No documento O CAMPO DA COMUNICAÇÃO (páginas 170-175)

O conceito de Indústria Cultural surge no fim da primeira metade do século XX na obra dos filósofos alemães Theodor Adorno e Max Horkheimer, num

quadro conceitual interdisciplinar, articulando Weber, Marx e Freud, próprio aos frankfurtianos, que visava dar conta teoricamente de todo um conjunto de problemas colocados pela conturbada situação da época. A Dialética do Esclare-cimento é um livro de 1947 (ADORNO; HORKHEIMER, 1985), escrito durante o exílio dos dois pensadores nos EUA, fugindo, como tantos outros intelectuais, da perseguição nazista. O conceito de Indústria Cultural é um ponto nodal na argumentação, centrada na categoria esclarecimento, entendida como conceito chave para a compreensão, não apenas do Iluminismo europeu, mas de toda uma razão crítica que se desdobra ao longo de um período histórico amplíssimo, cujas raízes mais antigas remontam ao momento da formação da mitologia grega.

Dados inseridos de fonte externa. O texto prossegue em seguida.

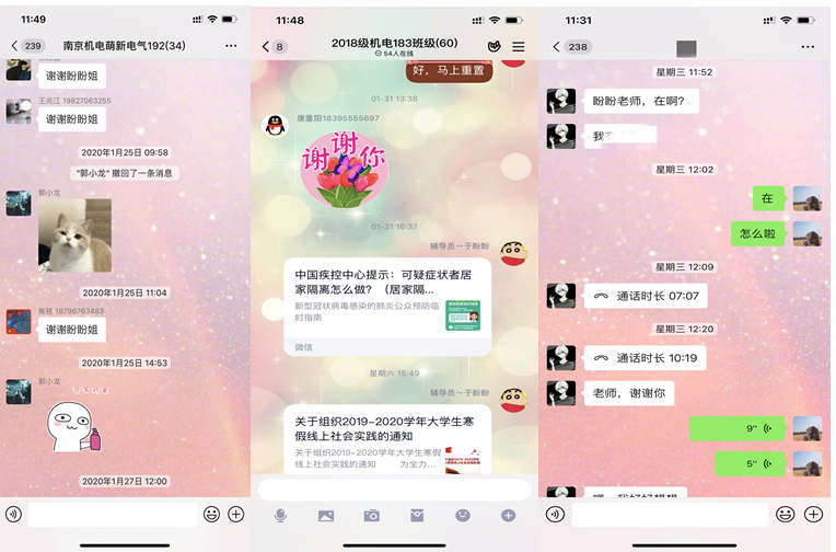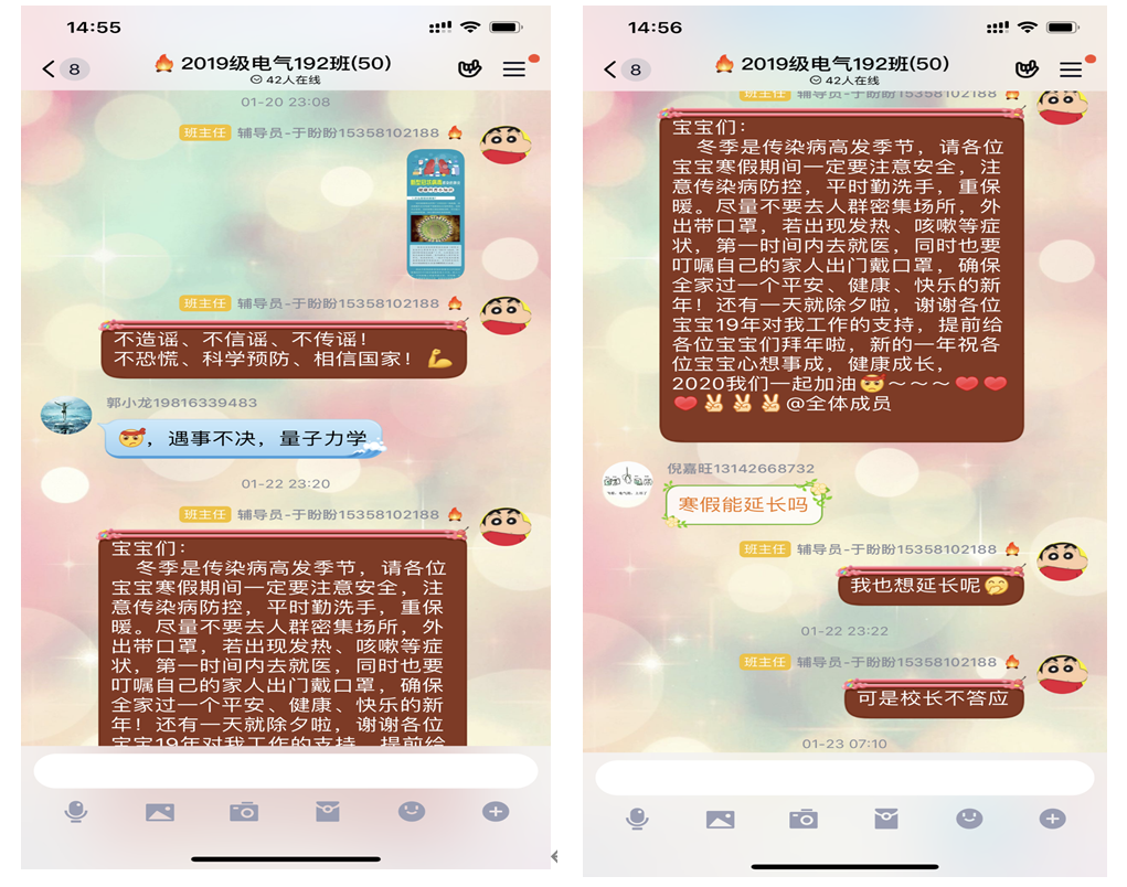 防疫期间,我的骨干班委也发挥了很大的积极作用,帮助我联系同学、询问信息,并主动把有用的学习资料和疫情信息发到群中,让我欣慰的同时更觉得自己工作的意义。

A Indústria Cultural, por sua vez, é parte de um movimento de expansão da racionalidade administrada própria ao Capitalismo Monopolista. De outro modo, mais afeito a um projeto acadêmico do que ao engajamento político, a obra remetia ao postulado de Rosa Luxemburgo a respeito da antinomia “socialismo ou barbárie”: seguindo uma análise muito ampla que vai de Homero ao antisse-mitismo nazista, a obra de Adorno e Horkheimer formulava uma avaliação crítica a respeito da contradição entre as possibilidades postas de superação do capital, de um lado, e a recaída em regimes de exceção e dominação que viabilizavam o extermínio potencial de toda a humanidade, de outro. Perguntavam-se, assim, mais especificamente, porque, diante das condições de concretização de uma sociedade emancipada, a humanidade pode conviver com os horrores autoritários da primeira metade do século XX.

Para responder, os autores formularam uma paciente avaliação do conceito de esclarecimento, reconhecendo já no mito uma tentativa de relação racional, porém insuficiente, entre os seres humanos e o mundo, insuficiência essa que ainda persistia na racionalidade administrada própria à acumulação de capital.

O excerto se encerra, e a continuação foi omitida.